- 「運用保守=底辺」という誤解が生まれてしまう4つの理由
- 【実は超重要】運用保守の本来の価値と役割
- 「成長できない運用保守」と「市場価値が上がる運用保守」の環境の違い
- 運用保守から目指せるステップアップ/キャリアパス
- 「今の環境では評価されない」と感じたときにやるべき行動5選
- まとめ
「運用保守=底辺」という誤解が生まれてしまう4つの理由
運用保守の仕事そのものが底辺なわけでは決してありません。しかし、IT業界の一部に残る「古い構造」や「特定の過酷な環境」が目立ってしまい、世間に誤解を与えているケースが存在します。その主な理由は以下の4つです。
それぞれ解説します。
「手順書通りの単純作業」だけを切り出された現場があるから
本来の運用保守は、システム障害の原因を分析し、改善・自動化を行う高度な業務です。しかし一部の現場(特に多重下請けの末端など)では、権限が与えられず「画面を見て、アラートが出たら手順書通りに再起動ボタンを押すだけ」という、思考を伴わない作業だけが切り出されているケースがあります。
このような「成長実感を得にくい環境」に配置された人の不満がネット上で目立ち、「運用保守は単純作業ばかりで底辺だ」という誤解に繋がってしまっています。
夜勤やシフト勤務で心身が疲弊しやすい
24時間365日稼働するシステムを支える運用保守の現場では、夜勤やシフト勤務が発生することもあります。体調管理の難しさや、土日休みの友人とのスケジュールの合わせづらさから「体力的にきつい=底辺の仕事」と短絡的に結びつけられてしまうことが少なくありません。

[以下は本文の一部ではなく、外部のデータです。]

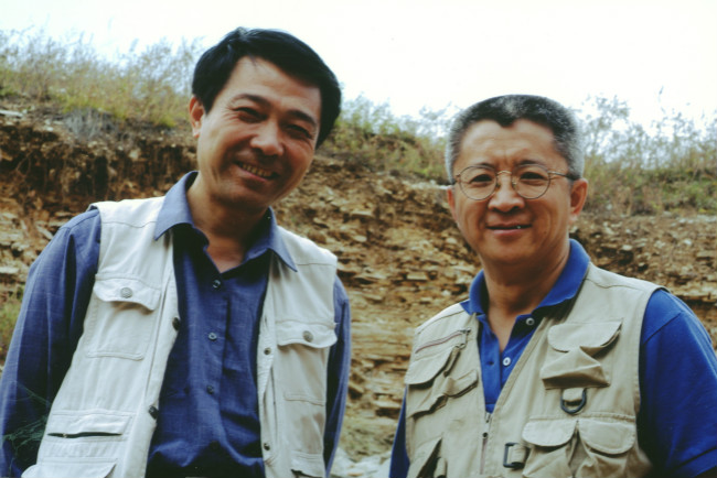 季强教授(左)和罗哲西教授(右)在冀北—辽西地区野外工作时合影(2001年)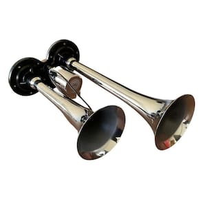 Par de buzinas automotivas eletropneumáticas com cornetas cromadas bivolt 12/24v eleve a potência e o impacto da buzina do seu caminhão com esse par de buzinas cromadas. Ela possui duas cornetas fabricadas em metal resistente e acabamento em cromo espelhado, ideal para uso externo.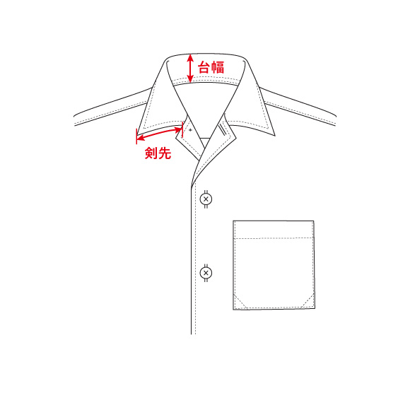 | 着丈 | 69.5 | 71 | 72.5 | 74 | 75.5 | 77 | 78.5 |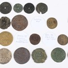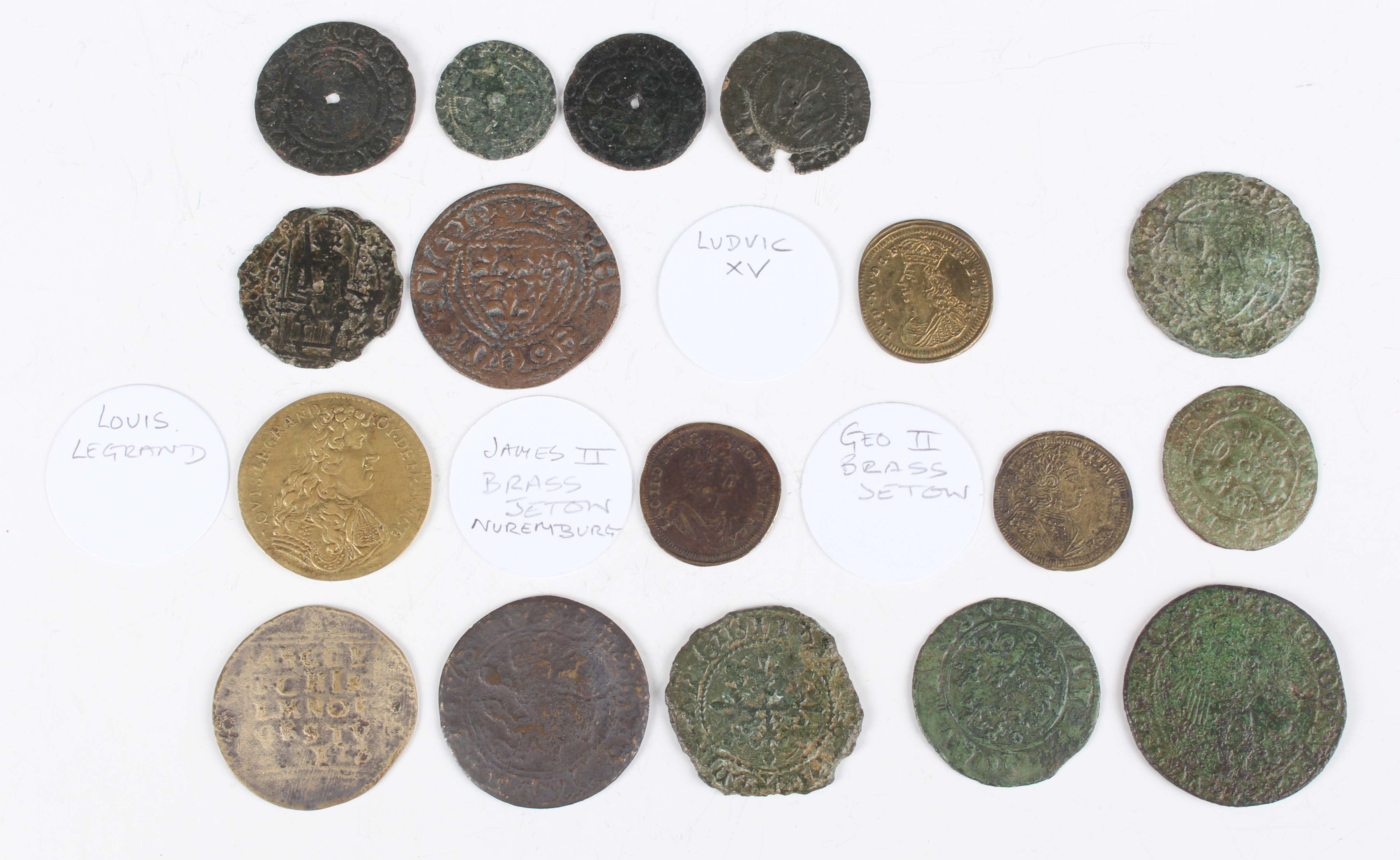 A collection of 14th-17th century European copper-alloy jettons, including an Edward I type, obverse with Edward standing under canopy, a group of four Edward I cross-pellets and symbols types, one with portrait bust of Edward, a France fleur-de-lis in shield type and a German States brass counter depicting Louis XIV.

しかし、夜勤手当による収入増や、平日昼間に休めるメリットを活かしてプライベートを充実させている人も多く、働き方の「合う・合わない」がネガティブに誇張されている側面があります。
多重下請け構造により年収が低く抑えられた案件があるから
運用保守のスキル価値が低いのではなく、日本のIT業界特有の「多重下請け構造」が低年収のイメージを生んでいます。

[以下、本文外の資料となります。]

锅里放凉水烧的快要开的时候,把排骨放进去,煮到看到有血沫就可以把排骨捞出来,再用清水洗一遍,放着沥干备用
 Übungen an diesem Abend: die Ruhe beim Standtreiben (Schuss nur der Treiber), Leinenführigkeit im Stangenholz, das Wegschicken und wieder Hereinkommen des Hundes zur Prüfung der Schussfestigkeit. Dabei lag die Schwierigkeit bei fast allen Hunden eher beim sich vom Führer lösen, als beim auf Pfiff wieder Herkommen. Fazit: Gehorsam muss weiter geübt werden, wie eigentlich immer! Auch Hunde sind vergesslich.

高度な運用設計を行う上流のエンジニアは高年収を得ていますが、下請け、孫請けと階層が下がるにつれて企業の利益が減り、現場のエンジニアの単価や昇給レンジが低く抑えられてしまう傾向があります。この「一部の低単価案件」の存在が、職種全体のイメージを下げてしまっているのです。
「何事もないこと(安定稼働)」が正当に評価されにくい現場があるから
開発エンジニアが「新しい機能を作った」と分かりやすい成果を出せるのに対し、運用保守の最大の成果は「システムを1秒も止めないこと」です。

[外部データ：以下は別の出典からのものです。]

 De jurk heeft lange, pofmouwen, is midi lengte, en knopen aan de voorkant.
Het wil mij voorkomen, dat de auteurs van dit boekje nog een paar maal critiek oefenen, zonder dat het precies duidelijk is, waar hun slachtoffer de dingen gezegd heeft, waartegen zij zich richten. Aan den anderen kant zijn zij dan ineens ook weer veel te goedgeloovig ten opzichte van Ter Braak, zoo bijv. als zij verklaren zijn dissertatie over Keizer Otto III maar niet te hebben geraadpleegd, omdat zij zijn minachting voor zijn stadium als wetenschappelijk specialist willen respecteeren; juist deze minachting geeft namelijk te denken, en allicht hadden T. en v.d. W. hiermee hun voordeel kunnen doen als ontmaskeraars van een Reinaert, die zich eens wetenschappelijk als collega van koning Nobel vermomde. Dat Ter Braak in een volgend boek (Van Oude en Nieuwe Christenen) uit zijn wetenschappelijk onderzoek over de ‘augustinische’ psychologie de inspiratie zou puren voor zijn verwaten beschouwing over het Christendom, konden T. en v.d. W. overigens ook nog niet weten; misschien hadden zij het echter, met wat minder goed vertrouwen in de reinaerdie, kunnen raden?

しかし、ITへの理解が浅い企業や経営陣の場合、「何も起きていない=目立った功績がない」と見なされ、適切な評価や昇給が行われないことがあります。この「評価のされにくさ」に対する現場のフラストレーションが、職種に対するネガティブな声として表出しているのです。
関連記事:システム運用保守がきついと感じる8つの理由!辛いと感じる原因も紹介
【実は超重要】運用保守の本来の価値と役割
誤解されがちですが、運用保守はIT業界において極めて重要なポジションです。その本来の価値と役割について解説します。
それぞれ紹介します。
システムを安定稼働させるビジネスの基盤
ECサイトや決済システムが停止すれば、売上損失やブランド毀損に直結します。一次対応の迅速さは、事業継続そのものを左右する重要な要素です。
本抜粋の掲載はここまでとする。